START Task inputs

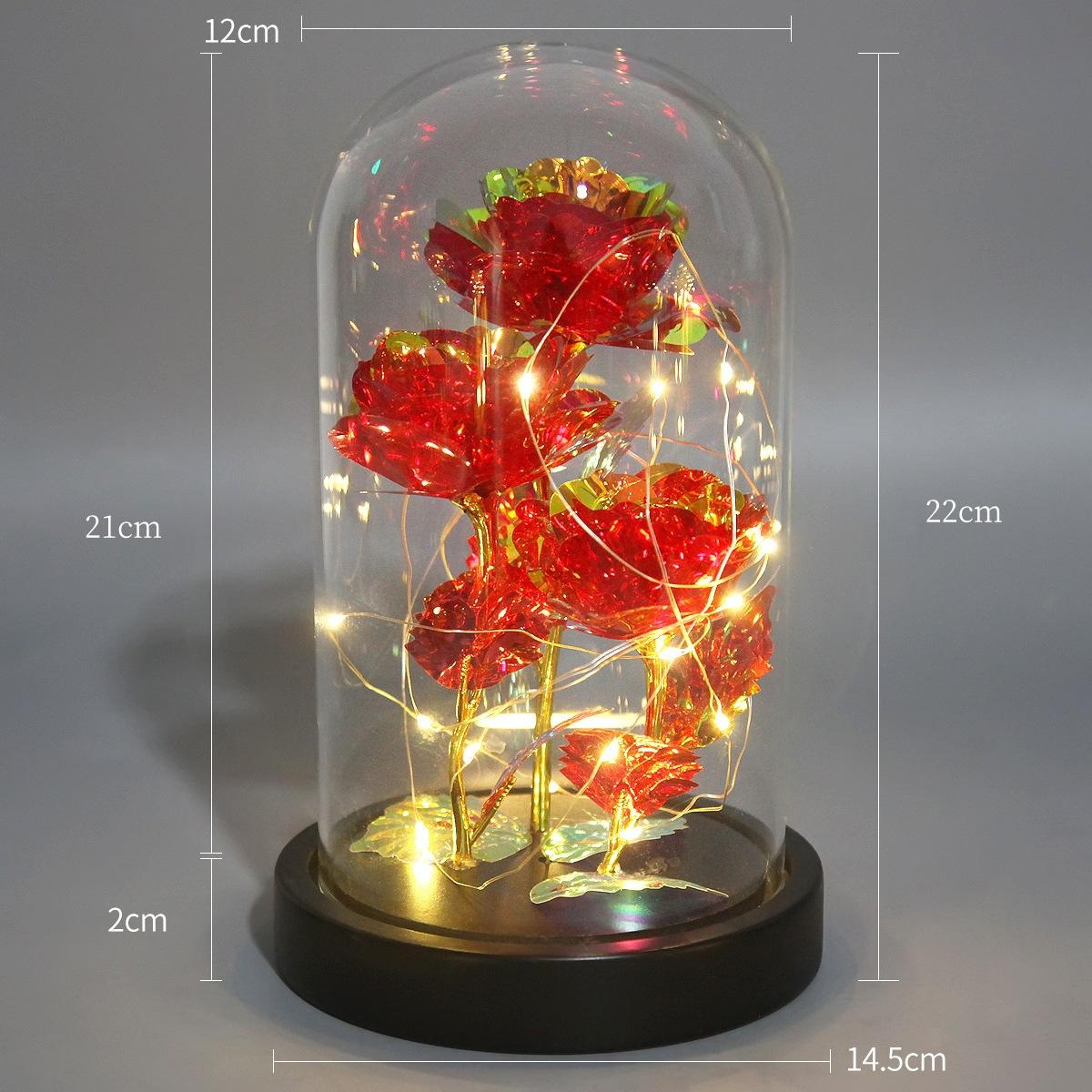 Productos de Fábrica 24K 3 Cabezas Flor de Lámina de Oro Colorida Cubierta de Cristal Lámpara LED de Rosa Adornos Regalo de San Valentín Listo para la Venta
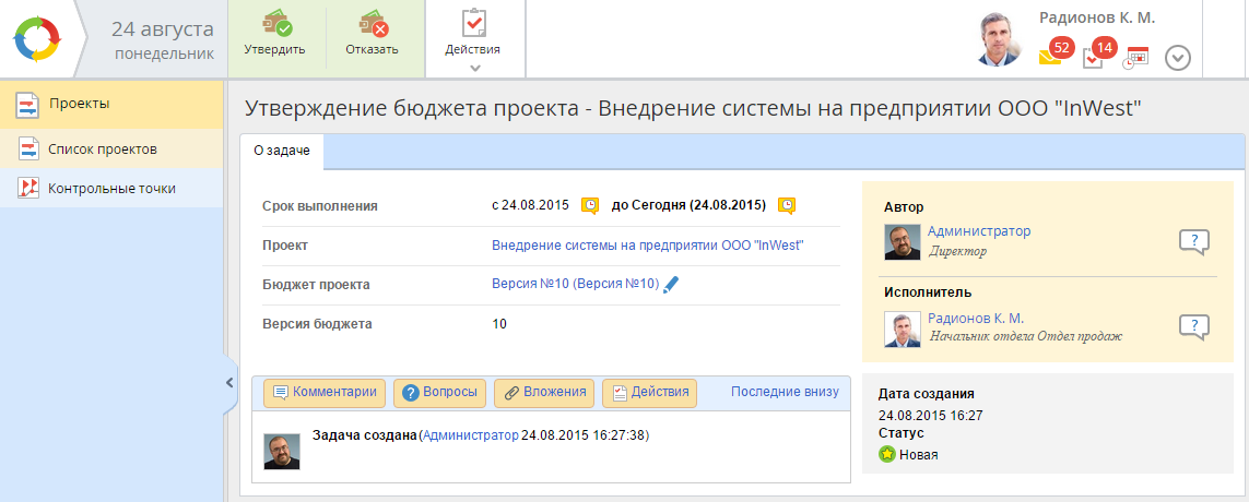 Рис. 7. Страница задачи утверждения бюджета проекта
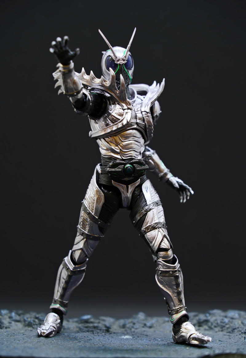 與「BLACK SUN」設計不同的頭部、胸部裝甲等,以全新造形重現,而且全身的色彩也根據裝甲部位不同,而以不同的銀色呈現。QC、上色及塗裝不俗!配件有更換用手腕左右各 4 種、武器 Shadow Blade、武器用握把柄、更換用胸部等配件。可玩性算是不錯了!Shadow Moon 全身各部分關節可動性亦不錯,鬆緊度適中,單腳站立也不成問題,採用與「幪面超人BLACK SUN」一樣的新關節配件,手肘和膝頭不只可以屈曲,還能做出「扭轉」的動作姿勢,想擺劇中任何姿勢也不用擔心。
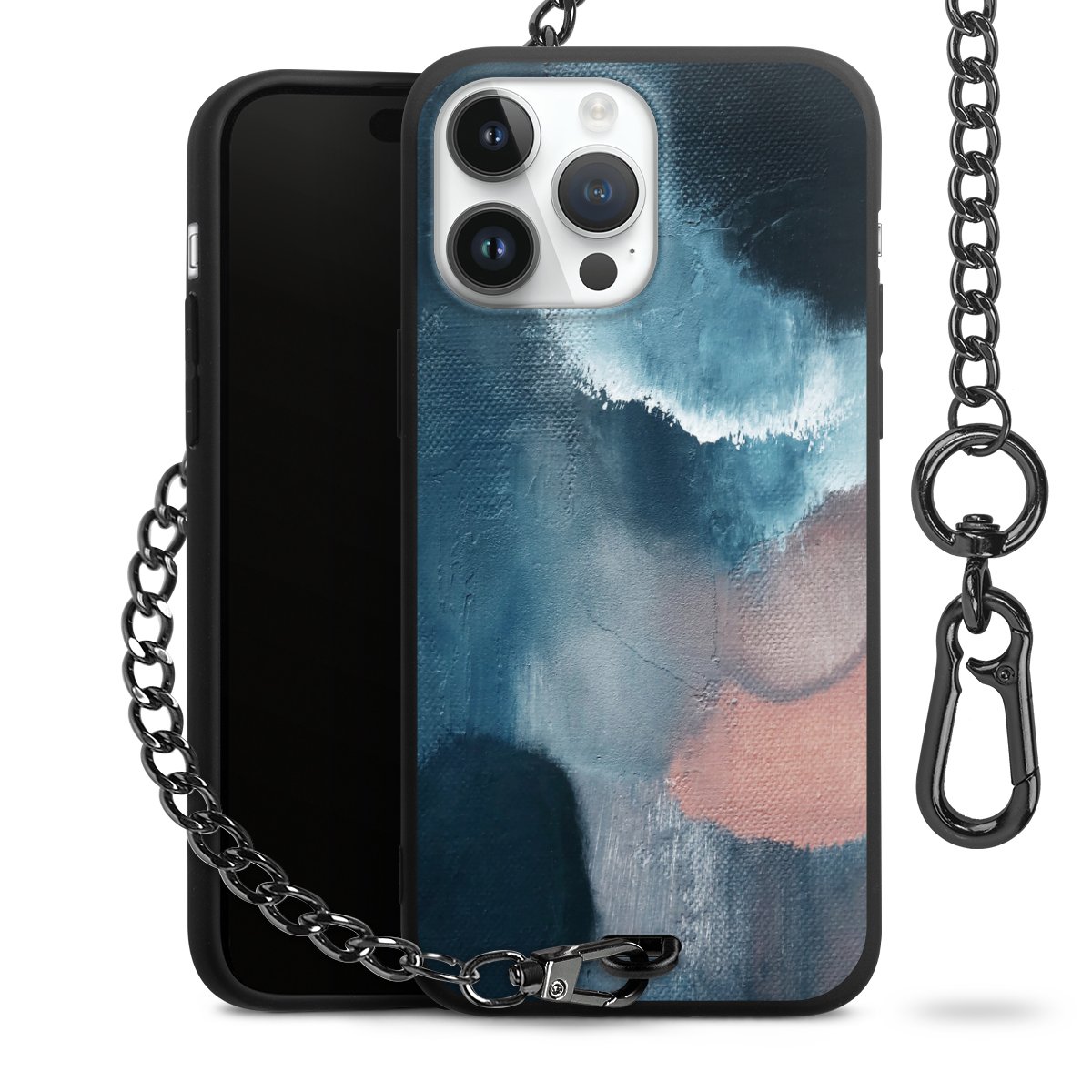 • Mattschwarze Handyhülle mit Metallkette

END Task inputs
START Task inputs

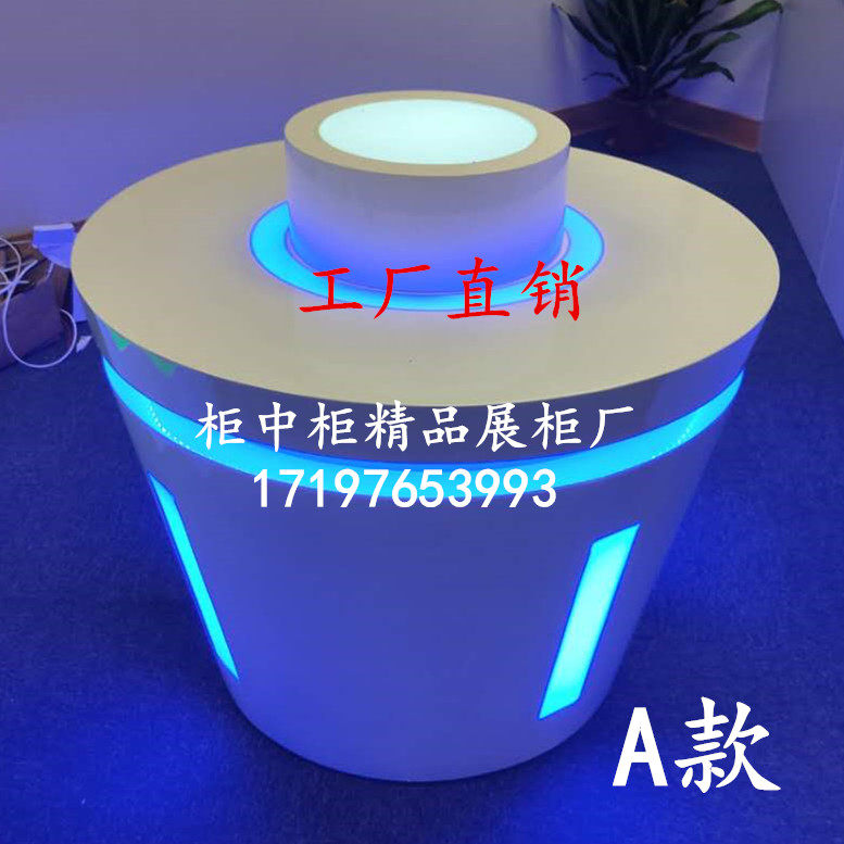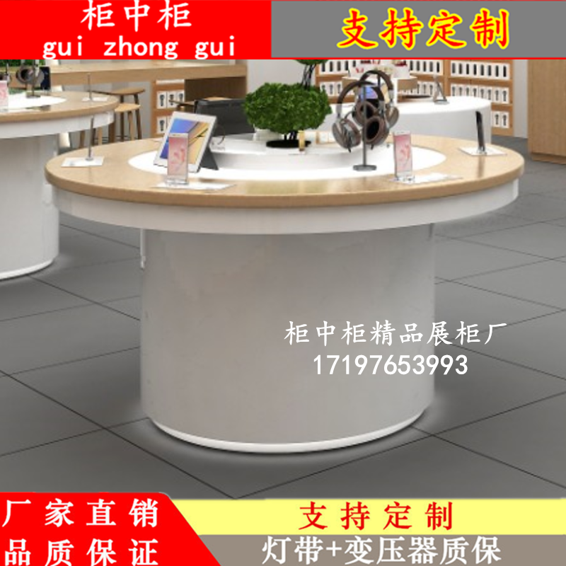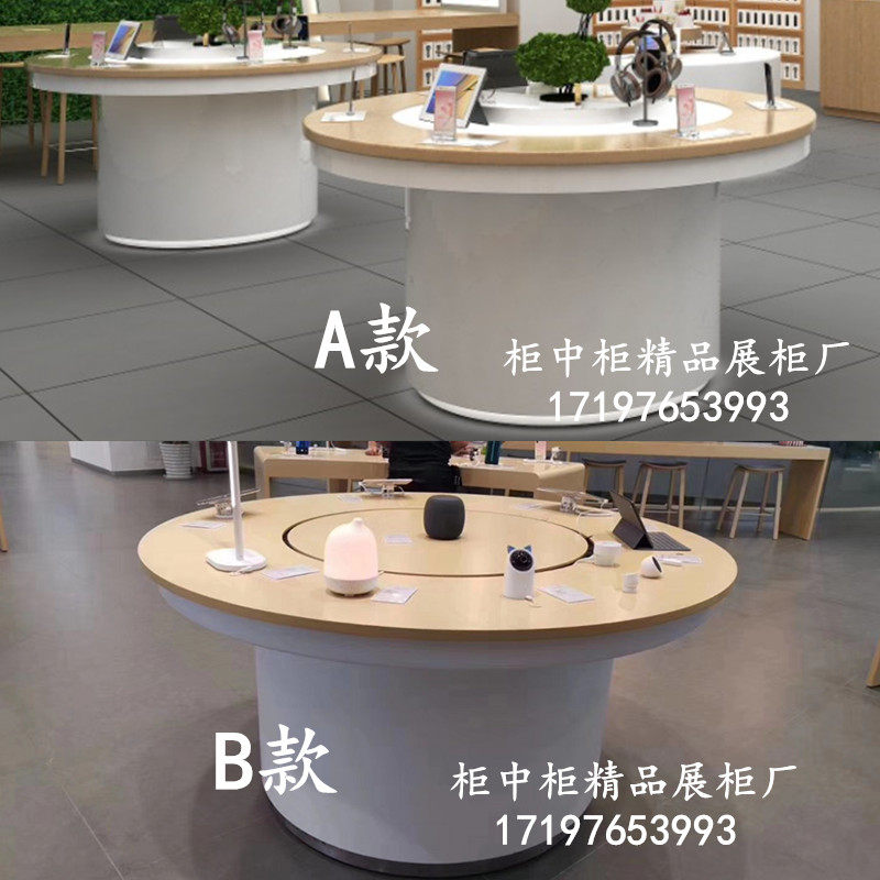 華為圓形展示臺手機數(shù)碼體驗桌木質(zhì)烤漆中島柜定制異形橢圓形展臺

END Task inputs

### Your goal
Nothing but the lines from the one with "Рис. 7. Страница" to the one with "Handyhülle mit Metallkette" above, both included, should be transcribed, exactly and without pictures.

### Answer space
 Рис. 7. Страница задачи утверждения бюджета проекта
 與「BLACK SUN」設計不同的頭部、胸部裝甲等,以全新造形重現,而且全身的色彩也根據裝甲部位不同,而以不同的銀色呈現。QC、上色及塗裝不俗!配件有更換用手腕左右各 4 種、武器 Shadow Blade、武器用握把柄、更換用胸部等配件。可玩性算是不錯了!Shadow Moon 全身各部分關節可動性亦不錯,鬆緊度適中,單腳站立也不成問題,採用與「幪面超人BLACK SUN」一樣的新關節配件,手肘和膝頭不只可以屈曲,還能做出「扭轉」的動作姿勢,想擺劇中任何姿勢也不用擔心。
 • Mattschwarze Handyhülle mit Metallkette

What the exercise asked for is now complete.